Wednesday, February 18th, 2009

All the Mac users are probably in trouble as Apple has again been the target to the Mac specific Trojan that is launched on Mac OS X through pirated editions of Adobe Photoshop CS4. Intego, the Mac security company had issued a security advisory, which warned Mac users of this Trojan variant as it is estimated to have already infected nearly 5,000 Mac users.This Trojan is a simple variant of iService Trojan malware which reached several Mac users through pirated editions of productivity suite iWorks of Apple. However similar to the previous edition of the malware this new Mac Trojan is also found to spread through file sharing websites like BitTorrent trackers and other website that include link to different pirated software.

Recently discovered Mac Trojan variant called OSX.Trojan.iServices.B was actually fond in the crack application package with different copies of Adobe Photoshop CS4 for the Mac users. Although the real Adobe Photoshop installer is a bug free software the Trojan, according to Intego, actually embeds itself into the crack application which includes the serial codes of the program.

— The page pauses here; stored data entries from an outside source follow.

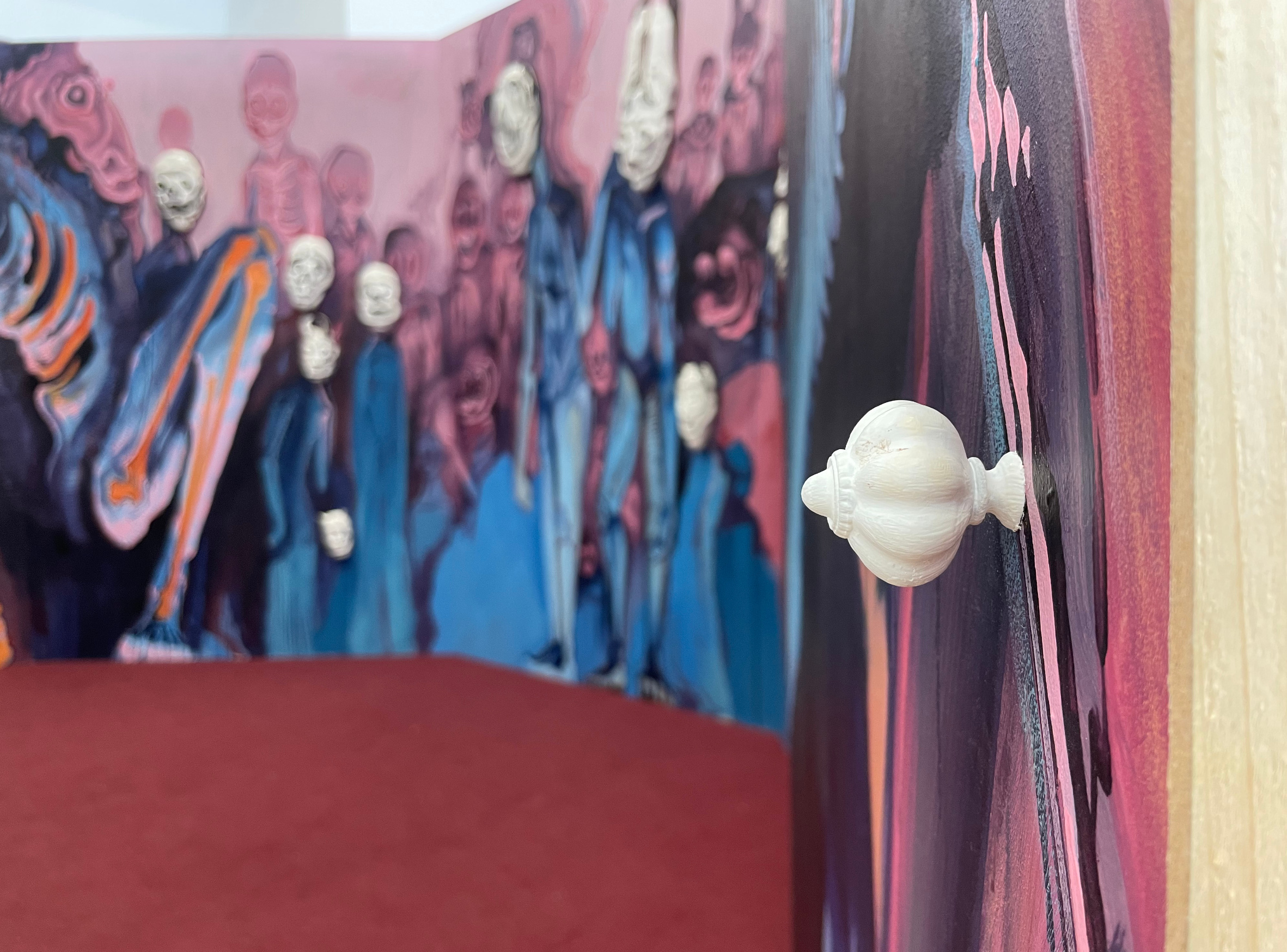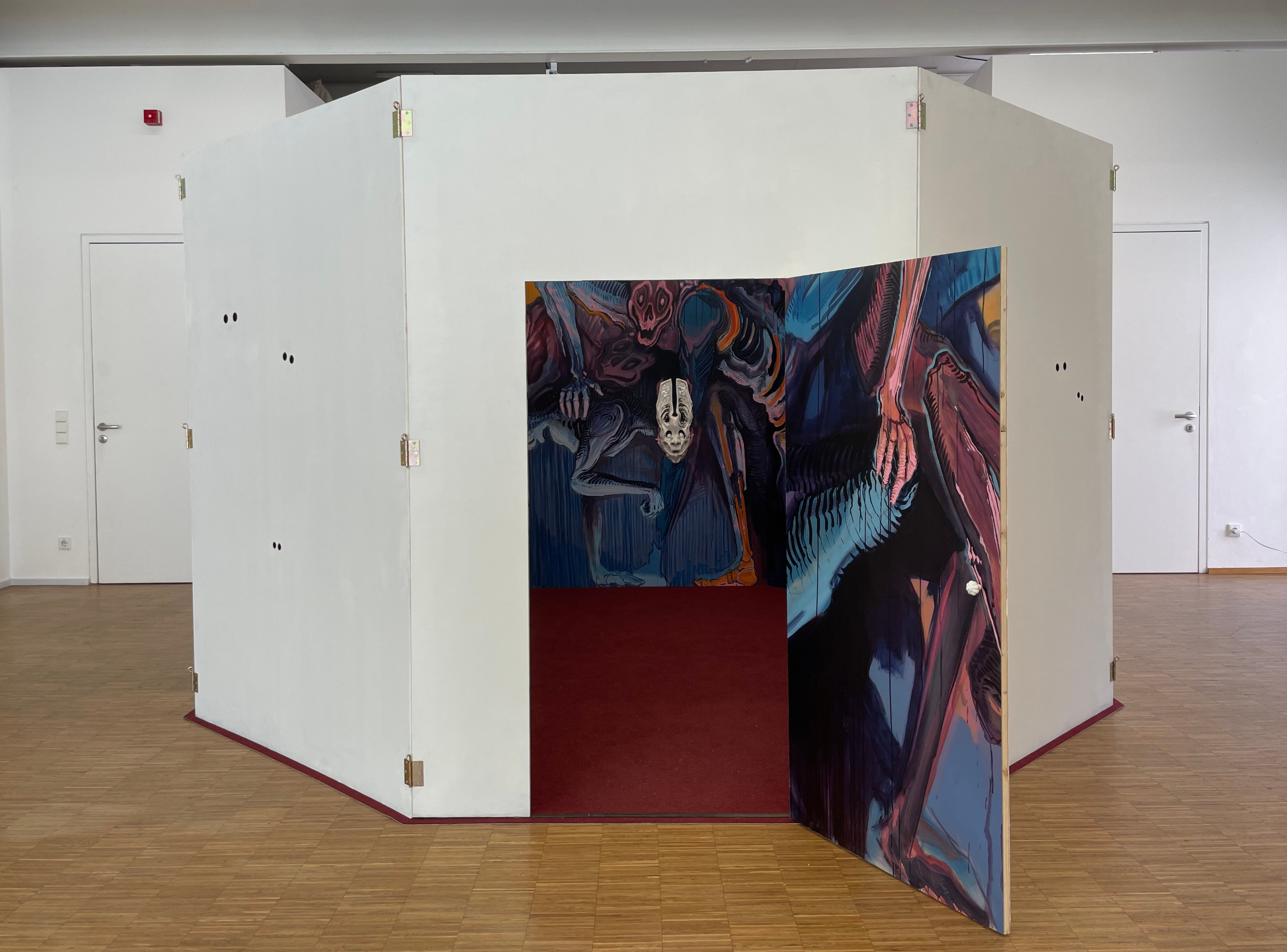 Durch eine Türe kann die Arbeit betreten werden. Im Inneren hat man freie Sicht auf die Malerei und die Keramikmasken. Die Besucher*innen treten nun zum einen wieder in eine beobachtende, zum anderen jedoch auch, durch die Blicke von außen, in eine beobachtete Position.
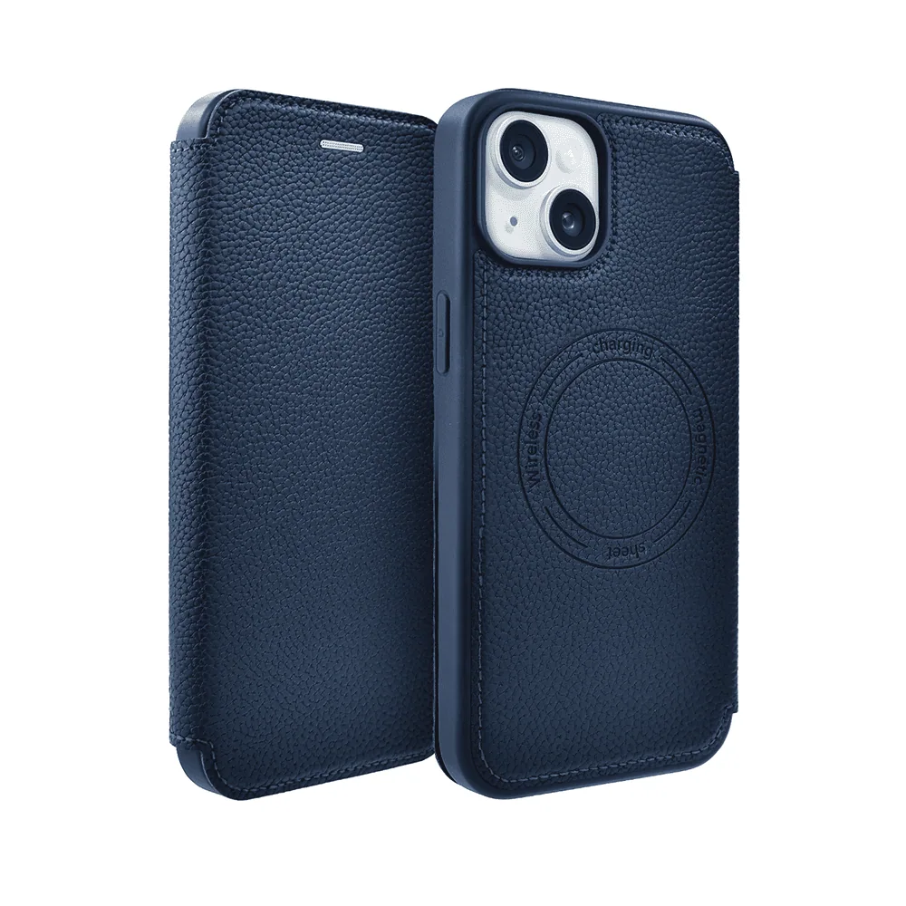 Etui do iPhone 15 z klapką Solid MagSafe Book, typu książka, granatowe
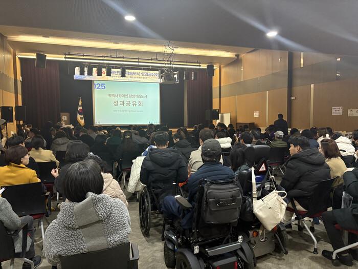 [평택=오왕석 기자] 평택시(시장 정장선)는 지난 25일 평생학습센터 북부학습공간에서 ‘2025년 장애인 평생학습도시 성과공유회’를 열고, 올해 추진한 장애인 평생학습 사업의 성과를 시민과 공유했다. 이날 행사에는 장애인 평생교육 관계자와 학습자 등 140여 명이 참석했으며, 전시·체험·공연 등 다양한 프로그램이 마련됐다.
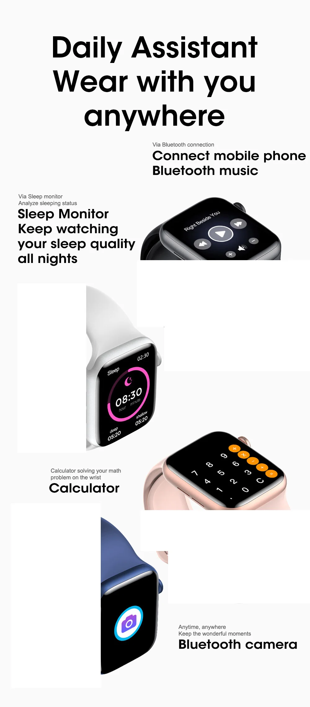 Отличительные особенности: IP68 Водонепроницаемый, 1,75 дюймов Дисплей экономит много энергии, низкое потребление, двойной режим Bluetooth, 2 кнопки.Основные характеристики:Загрузка лиц часов, Разделенный экран, блокировка контактов, вызов Bluetooth, частота сердечных сокращений, шагомер, несколько видов спорта, уведомленияПараметр:Платформа: Huntersun HS6621; Основная частота: 128 МГц; ОЗУ: 256кб; ПЗУ: 8 Мб + 64 МбСтандарт качества: GB4943.1-2011; ГБ/T22450.1-2008Чехол: вакуумное покрытие из сплаваРемешок: оригинальный 44 ммЗарядное устройство: беспроводноеЦвет: черный, серебристый, синий, розовое золотоДисплей: 1,75 дюймов TFT экран, 320*385 пикселейСенсорная панель: несколько касанийУведомления: звонки, электронная почта, SMS, WhatsApp, Wechat и т. Д.Частота сердечных сокращений: автоматический 24H мониторШагомер: Ежедневный подсчет шагов, подсчет калорийМонитор сна: объективная и научная количественная оценка для записи и анализа состояния сна, каждую ночь с 9 до следующего дня автоматически включаетсяBluetooth:BT 3,0 + 5,0Батарея: 230 мАч литий-ионный полимерный аккумулятор, 150 минут для полной зарядкиВибрация: Поддержка

After the user has downloaded the pirated Photoshop, the crack application of the program removes an executable from the program’s data and then installs a backdoor in the file directory which does not get deleted even after rebooting the computer. If the crack application is run again then the Trojan can create another executable file but with a different name which makes the Malware more difficult to be traced and removed safely.

The crack application requests for an administrative password which it uses to launch the backdoor with its root privileges. The crack application would then open a disk image that is hidden in its resources folder called as .data and it then proceeds in cracking the Photoshop program letting it to be used as the means to spread the malware.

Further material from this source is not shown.